You can use a url rule in your ~/.gitconfig file to tell git to substitute one URL pattern for another:

[url ""]
	insteadOf =

but I’m not entirely sure whether this will work in Julia’s built in LibGit2. Does that work for you?


Thanks for the suggestion but I’m afraid it doesn’t.

The issue lies with the login node I’m using having outdated ca-certificates and the support team can’t be bothered to sort out the dependency issues to update them.

I’m going to try seeing if I can clone my entire julia repository and running updates via my personal laptop. This is a little bit of a silly workaround - apparently only for outdated hardware.


Would it be good to have the package manager provide a way to use plain http than https at the discretion of the user?
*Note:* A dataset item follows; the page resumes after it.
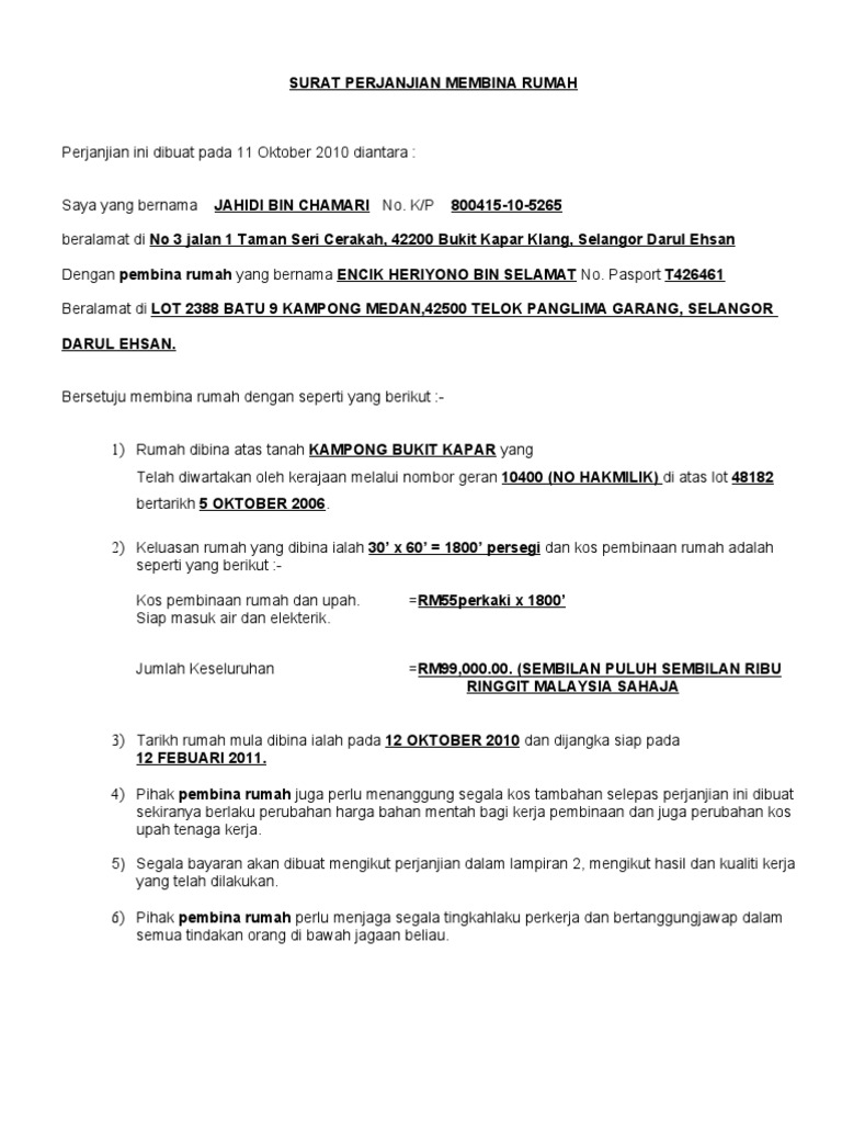 Contoh Surat Perjanjian Bina Rumah Kwsp Gawe Cv

You should be able to download an up-to-date certificates file and pass it to libgit2 when starting Julia via SSL_CERT_FILE=/path/to/file.pem julia. You can download certificates from There’s also the SSL_CERT_DIR variable, and by default Julia will look for this file at abspath(joinpath(Base.JULIA_HOME,Base.DATAROOTDIR,"julia","cert.pem")).

Julia 0.7 ships certificates files since this PR, though there’s been some discussion about the fact that it should be the OS’s job.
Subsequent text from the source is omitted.